WSJ : How Replimune’s Drug Got Third Chance After White House Intervention

How Replimune’s Drug Got Third Chance After White House Intervention
Company representatives met with officials in early May and by month’s end, the FDA was planning to review the melanoma medication again

  • The White House pushed health officials to re-examine Replimune’s melanoma drug after FDA rejections, leading to a resubmission agreement.
  • The FDA had twice rejected the drug, citing insufficient data from a trial without a comparison group and a hard-to-interpret patient mix.
  • Replimune will resubmit its drug application with new data, causing its shares to rise more than 80% Friday.

The White House pushed health officials to re-examine the Food and Drug Administration’s repeated rejections of an advanced melanoma medication from Replimune Group REPL 85.68%increase; green up pointing triangle, people familiar with the matter said.

The FDA had declined to approve Replimune’s treatment in July last year and then again in April, saying the data from the trial, in which all patients received the experimental drug with no comparison group, fell short of proving to the agency that it worked. The FDA also said the mix of patients enrolled made the results hard to interpret.

After its application was rejected for the second time, Replimune representatives met with the White House in early May, arguing the rejections didn’t match up with the Trump administration’s desire to help terminally ill patients.

White House staff later asked health officials to re-examine the drug’s prior rejections to determine whether there was any wrongdoing in the process, the people said. Health department lawyers compiled a report about the drug review and shared the results with White House officials, the people said. The report found that the FDA had made no procedural errors in how it handled the earlier rejections, one of the people said.

Replimune said Friday it had reached an agreement with the FDA to resubmit its drug for a third attempt at approval.

The administration didn’t instruct health officials to approve Replimune’s drug, and the White House has since handed the reins to the FDA, people familiar with the events said.

The White House declined to comment.

The stark reversal comes less than three weeks after the resignation of FDA Commissioner Marty Makary. He had clashed with top officials in the Department of Health and Human Services and the White House over many matters, including vaping and tobacco policy. Rare-disease patients and their advocates criticized Makary for not being flexible enough when it comes to evidence to prove treatments for their ailments work.

Kyle Diamantas, a lawyer who was running food regulation at the agency, has since been named acting commissioner.

Some industry representatives criticized Makary for the FDA’s Replimune rejections, adding pressure when he was already on thin ice with administration officials over vaping policy and ongoing management clashes.

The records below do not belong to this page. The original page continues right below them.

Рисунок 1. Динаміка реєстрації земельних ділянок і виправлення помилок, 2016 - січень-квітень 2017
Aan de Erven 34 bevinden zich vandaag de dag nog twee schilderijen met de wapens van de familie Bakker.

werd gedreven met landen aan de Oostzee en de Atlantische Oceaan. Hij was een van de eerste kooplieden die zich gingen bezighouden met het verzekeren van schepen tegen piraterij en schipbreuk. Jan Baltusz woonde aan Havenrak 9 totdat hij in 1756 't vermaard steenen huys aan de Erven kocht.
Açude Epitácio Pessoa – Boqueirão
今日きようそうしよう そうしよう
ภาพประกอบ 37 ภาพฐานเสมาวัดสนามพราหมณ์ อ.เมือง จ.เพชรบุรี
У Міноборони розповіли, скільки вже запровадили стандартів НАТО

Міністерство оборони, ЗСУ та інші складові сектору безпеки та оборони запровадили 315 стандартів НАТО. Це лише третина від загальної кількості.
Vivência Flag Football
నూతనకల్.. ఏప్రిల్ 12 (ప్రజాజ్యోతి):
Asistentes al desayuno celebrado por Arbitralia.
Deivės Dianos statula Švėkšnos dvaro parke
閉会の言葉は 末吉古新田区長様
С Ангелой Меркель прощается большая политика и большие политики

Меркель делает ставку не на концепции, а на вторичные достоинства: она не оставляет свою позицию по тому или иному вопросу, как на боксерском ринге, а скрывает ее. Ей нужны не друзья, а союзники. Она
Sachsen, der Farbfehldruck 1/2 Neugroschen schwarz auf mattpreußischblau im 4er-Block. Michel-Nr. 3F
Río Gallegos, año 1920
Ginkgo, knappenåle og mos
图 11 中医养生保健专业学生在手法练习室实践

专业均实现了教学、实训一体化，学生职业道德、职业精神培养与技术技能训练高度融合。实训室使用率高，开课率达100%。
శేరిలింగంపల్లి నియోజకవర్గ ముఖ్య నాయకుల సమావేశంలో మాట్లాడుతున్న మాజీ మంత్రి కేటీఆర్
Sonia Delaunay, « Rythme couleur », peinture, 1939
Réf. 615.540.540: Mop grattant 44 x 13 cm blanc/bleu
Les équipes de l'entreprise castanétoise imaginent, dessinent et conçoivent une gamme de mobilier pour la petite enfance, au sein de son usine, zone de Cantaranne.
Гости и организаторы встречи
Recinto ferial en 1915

While still head of the agency, Makary publicly defended the rejections of Replimune’s medication. “If your drug works, it’s going to get approved,” he said in an interview with CNBC.

Replimune had accused the FDA of being inconsistent in its prior treatment of the drug, with different teams reviewing its drug each time.

Now, Replimune has another shot at getting its experimental treatment approved. The company will be presenting health officials with data that it hadn’t previously shared with the agency, people familiar with the plan said.

Replimune said it plans to resubmit the application in the coming days. Its shares were up more than 80% Friday.

About a third of patients with treatment-resistant melanoma saw their tumors shrink after taking Replimune’s drug combined with a second cancer drug, Bristol-Myers Squibb’s Opdivo.

More than 110,000 people in the U.S. are expected to be diagnosed with melanoma this year, the National Cancer Institute estimates, and more than 8,000 people with advanced disease are expected to die nationwide.